Важно здесь то, что Савонарола получил место аббата во Флоренции именно от Лоренцо Великолепного, внявшего рекомендациям философа Пико делла Мирандола, известного своими противоречивыми взглядами. Пико был мастер по части поисков антитез к собственным тезисам – его привлек страстный обличитель роскоши, к которой сам Пико испытывал простительную (как он считал) слабость. Пико был платоником, который расширил понятие эйдоса до включения в изначальную идею творца и доктрины иудаизма, и каббалу, и мистику; спустя век его бы сочли алхимиком. Страсть приезжего аббата показалась ему необходимым компонентом для его смеси – тигель Флоренции, считал Пико, выдержит эту смесь. Приезжий монах был диковинкой, бунтарем против здравого смысла, но бунтарем неопасным – кто опровергнет Платона? Савонарола стал аббатом монастыря Святого Марка; толпы флорентийцев шли на проповеди нового аббата, обличавшие роскошь знати и преступления правителя Лоренцо (таковые имели место – Лоренцо, скажем, растратил деньги сиротского приюта – хотя по меркам Италии тех лет, не говоря уж про современность, эти преступления были незначительными). Проповеди Савонаролы стали своего рода светской модой – богатые умеют сделать модными даже обличения своего богатства. Савонарола говорил с яростью библейского пророка Иезекииля, и для Пико, чтившего Ветхий Завет, его обличающий пафос стал определяющим: светский философ почувствовал бесстрашие пророка. Слова из проповеди Савонаролы «Господь позволил богатому впасть в грех, чтобы тот познал, что он животное» сравнимы по ярости со словами Иезекииля.

Одним из риторических приемов монаха стала подмена понятия «прекрасное» понятием «суета». Прежде во Флоренции беспрестанно использовали слово «красота»; Савонарола поставил на это место слово «суета», и дикость происходящего с маленькой страной, окруженной враждебным миром, не думающей про завтрашний день, стала понятна многим. Флорентийцы и впрямь жили как герои Боккаччо – на горе, отгороженные от чумы непрочной стеной. Савонарола сумел эту стену пробить – жизнь и история хлынули в брешь и затопили Флоренцию.

И вот, именно проповеди Савонаролы сделали противоречия эстетической системы Боттичелли столь болезненно-яркими.

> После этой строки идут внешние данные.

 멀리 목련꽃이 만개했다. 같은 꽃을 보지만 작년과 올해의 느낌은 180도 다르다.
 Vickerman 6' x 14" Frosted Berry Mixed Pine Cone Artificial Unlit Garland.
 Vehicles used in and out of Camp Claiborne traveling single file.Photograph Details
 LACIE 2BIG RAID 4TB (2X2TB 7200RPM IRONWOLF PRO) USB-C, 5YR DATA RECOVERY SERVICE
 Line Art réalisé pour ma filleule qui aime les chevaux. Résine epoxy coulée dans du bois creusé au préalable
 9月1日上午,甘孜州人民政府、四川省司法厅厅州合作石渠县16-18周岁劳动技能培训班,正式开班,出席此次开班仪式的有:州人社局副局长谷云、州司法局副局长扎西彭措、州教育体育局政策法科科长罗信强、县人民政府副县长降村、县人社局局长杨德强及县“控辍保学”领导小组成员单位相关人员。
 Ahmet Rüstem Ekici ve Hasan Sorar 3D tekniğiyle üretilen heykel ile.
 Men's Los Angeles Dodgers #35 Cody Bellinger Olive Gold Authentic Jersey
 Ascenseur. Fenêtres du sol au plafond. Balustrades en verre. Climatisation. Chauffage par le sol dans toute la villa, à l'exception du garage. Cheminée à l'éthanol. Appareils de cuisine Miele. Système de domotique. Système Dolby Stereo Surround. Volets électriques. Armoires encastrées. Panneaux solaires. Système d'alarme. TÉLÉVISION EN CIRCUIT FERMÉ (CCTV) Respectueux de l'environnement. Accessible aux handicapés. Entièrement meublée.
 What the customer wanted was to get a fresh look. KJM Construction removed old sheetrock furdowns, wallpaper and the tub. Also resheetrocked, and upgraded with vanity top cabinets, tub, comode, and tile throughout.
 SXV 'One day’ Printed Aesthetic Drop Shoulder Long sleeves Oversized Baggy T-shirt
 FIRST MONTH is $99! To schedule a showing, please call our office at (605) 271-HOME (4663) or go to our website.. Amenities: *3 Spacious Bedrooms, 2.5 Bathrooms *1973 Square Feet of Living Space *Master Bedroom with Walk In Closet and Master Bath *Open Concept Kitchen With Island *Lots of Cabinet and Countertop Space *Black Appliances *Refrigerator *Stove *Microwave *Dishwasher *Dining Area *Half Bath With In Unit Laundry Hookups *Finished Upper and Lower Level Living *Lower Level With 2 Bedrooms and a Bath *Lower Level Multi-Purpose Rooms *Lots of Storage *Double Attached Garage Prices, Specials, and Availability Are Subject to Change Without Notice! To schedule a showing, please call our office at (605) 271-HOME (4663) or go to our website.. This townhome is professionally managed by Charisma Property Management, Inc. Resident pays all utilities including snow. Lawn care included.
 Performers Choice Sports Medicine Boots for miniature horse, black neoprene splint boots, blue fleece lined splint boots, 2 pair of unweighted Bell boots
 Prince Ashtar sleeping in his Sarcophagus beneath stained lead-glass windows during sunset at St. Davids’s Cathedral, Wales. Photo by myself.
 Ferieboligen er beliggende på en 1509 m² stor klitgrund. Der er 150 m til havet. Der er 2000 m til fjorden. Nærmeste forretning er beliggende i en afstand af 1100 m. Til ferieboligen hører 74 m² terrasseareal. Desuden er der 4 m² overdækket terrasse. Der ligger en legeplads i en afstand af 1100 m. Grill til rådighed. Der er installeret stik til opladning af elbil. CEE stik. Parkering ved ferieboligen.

Остается загадкой, почему платоники, облеченные властью, не пресекли разрушительную работу Савонаролы. Макиавелли относил к особенностям характера Лоренцо интерес последнего к язвительным насмешкам в свой адрес; необычное для правителя свойство. Томас Манн в пьесе «Фьоренца» трактует Флоренцию как возлюбленную и Медичи, и Савонаролы, изображает коллизию между Савонаролой и Медичи как соревнование любовников прекрасной дамы, в котором применение власти некорректно. Возможно также, что неоплатоники полагались на заявленное Плотином свойство блага, которое должно отторгнуть внешнее зло – просто по своей природе. Так, Порфирий в биографии Плотина описывает, как умышлявший на Плотина его соперник философ Олимпий испытывал неприятности всякий раз, как плел интригу – зло попросту отторгалось от Плотина, не оказывая вреда, и возвращалось к пославшему его. Возможно, что последователь Плотина флорентиец Фичино, да и Пико с Лоренцо, придерживались этого же соображения.

Исторические события подтвердили плотиновскую идею: Савонарола сам пал жертвой своего натиска; но синьорию Медичи он успел погубить.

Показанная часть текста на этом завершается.